Also, we could just as easily fail the initial skb alloc in page_to_skb,
and I think that case also needs to be handled now in the same fashion as
a memory allocation failure in receive_mergeable.

Best,

Mike
--
To unsubscribe from this list: send the line "unsubscribe netdev" in
the body of a message to majordomo@vger.kernel.org
More majordomo info at  http://vger.kernel.org/majordomo-info.html
Michael S. Tsirkin Nov. 19, 2013, 9:53 p.m. UTC | #6
On Tue, Nov 19, 2013 at 01:36:36PM -0800, Eric Dumazet wrote:
> On Tue, 2013-11-19 at 22:49 +0200, Michael S. Tsirkin wrote:
> > On Tue, Nov 19, 2013 at 06:03:48AM -0800, Eric Dumazet wrote:
> > > On Tue, 2013-11-19 at 16:05 +0800, Jason Wang wrote:
> > > > We need to drop the refcnt of page when we fail to allocate an skb for frag
> > > > list, otherwise it will be leaked. The bug was introduced by commit
> > > > 2613af0ed18a11d5c566a81f9a6510b73180660a ("virtio_net: migrate mergeable rx
> > > > buffers to page frag allocators").
> > > > 
> > > > Cc: Michael Dalton <mwdalton@google.com>
> > > > Cc: Eric Dumazet <edumazet@google.com>
> > > > Cc: Rusty Russell <rusty@rustcorp.com.au>
> > > > Cc: Michael S. Tsirkin <mst@redhat.com>
> > > > Signed-off-by: Jason Wang <jasowang@redhat.com>
> > > > ---
> > > > The patch was needed for 3.12 stable.
> > > 
> > > Good catch, but if we return from receive_mergeable() in the 'middle'
> > > of the frags we would need for the current skb, who will
> > > call the virtqueue_get_buf() to flush the remaining frags ?
> > > 
> > > Don't we also need to call virtqueue_get_buf() like 
> > > 
> > > while (--num_buf) {
> > >     buf = virtqueue_get_buf(rq->vq, &len);
> > >     if (!buf)
> > >         break;
> > >     put_page(virt_to_head_page(buf));
> > > }
> > > 
> > > ?
> > > 
> > > 
> > 
> > 
> > Let me explain what worries me in your suggestion:
> > 
> >                         struct sk_buff *nskb = alloc_skb(0, GFP_ATOMIC);
> >                         if (unlikely(!nskb)) {
> >                                 head_skb->dev->stats.rx_dropped++;
> >                                 return -ENOMEM;
> >                         }
> > 
> > is this the failure case we are talking about?
> 
> I thought Jason patch was about this, no ?
> 
> > 
> > I think this is a symprom of a larger problem
> > introduced by 2613af0ed18a11d5c566a81f9a6510b73180660a,
> > namely that we now need to allocate memory in the
> > middle of processing a packet.
> > 
> > 
> > I think discarding a completely valid and well-formed
> > packet from the receive queue because we are unable
> > to allocate new memory with GFP_ATOMIC
> > for future packets is not a good idea.
> 
> How is it different with NIC processing in RX path ?
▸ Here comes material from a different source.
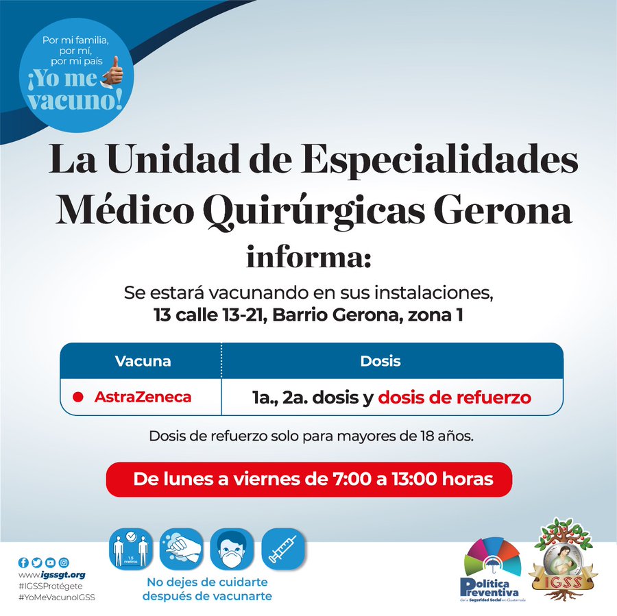 Aviso. La Unidad de Especialidades Médico Quirúrgicas Gerona informa: 9 febrero, 2022 TwitterWhatsAppLinkedin El IGSS habilita nuevo centro de vacunación contra el COVID-19 en la zona 1 capitalina. De lunes a viernes De 7:00 a 13:00 horas Población en general, mayores de 18 años Unidad de Especialidades Médico Quirúrgicas Gerona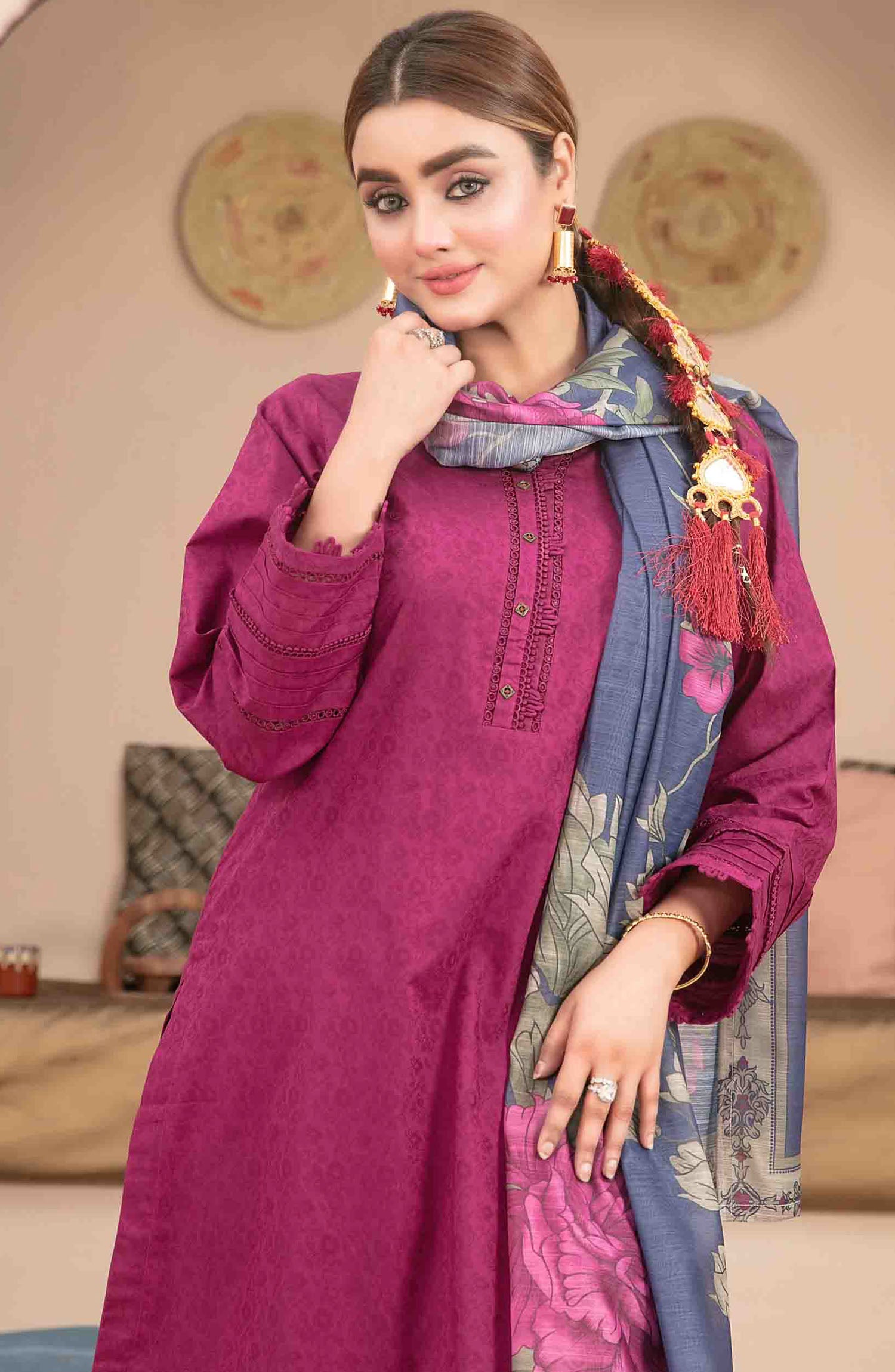 Modest Embroidered Khaddar Stitched 3 Piece Suit - 9940-Pnk - MOD25WNT - Pink - Winter Collection

Which NIC? Virtio? Prior to 2613af0ed18a11d5c566a81f9a6510b73180660a
it didn't drop packets received from host as far as I can tell.
virtio is more like a pipe than a real NIC in this respect.

> > 
> > It certainly violates the principle of least surprize:
> > when one sees host pass packet to guest, one expects
> > the packet to get into the networking stack, not get
> > dropped by the driver internally.
> > Guest stack can do with the packet what it sees fit.
> > 
> > We actually wake up a thread if we can't fill up the queue,
> > that will fill it up in GFP_KERNEL context.
> > 
> > So I think we should find a way to pre-allocate if necessary and avoid
> > error paths where allocating new memory is a required to avoid drops.
> > 
> 
> Really, under ATOMIC context, there is no way you can avoid dropping
> packets if you cannot allocate memory. If you cannot allocate sk_buff
> (256 bytes !!), you wont be able to allocate the 1500+ bytes to hold the
> payload of next packets anyway. 

that's why we do:

                if (!try_fill_recv(rq, GFP_ATOMIC))
                        schedule_delayed_work(&vi->refill, 0);


the queues are large enough for a single failure not to be
an immediate problem.


> Same problem on a real NIC.
> 
> Under memory pressure we _do_ packet drops.
> Nobody really complained.
>
> Sure, you can add yet another cache of pre-allocated skbs and pay the
> price of managing yet another cache layer, but still need to trop
> packets under stress.

We don't need a cache even. Just enough to avoid dropping packets
if allocation failed in the middle so we don't dequeue a buffer and then
drop it.

Once we use this reserved skb, we stop processing the queue until
refill gives it back.

> Pre-allocating skb on real NIC has a performance cost, because we clear
> sk_buff way ahead of time. By the time skb is finally received, cpu has
> to bring back into its cache memory cache lines.
> 

Alternatively we can pre-allocate the memory but avoid clearing it maybe?
Eric Dumazet Nov. 19, 2013, 10 p.m. UTC | #7
On Tue, 2013-11-19 at 23:53 +0200, Michael S. Tsirkin wrote:

> Which NIC? Virtio? Prior to 2613af0ed18a11d5c566a81f9a6510b73180660a
> it didn't drop packets received from host as far as I can tell.
> virtio is more like a pipe than a real NIC in this respect.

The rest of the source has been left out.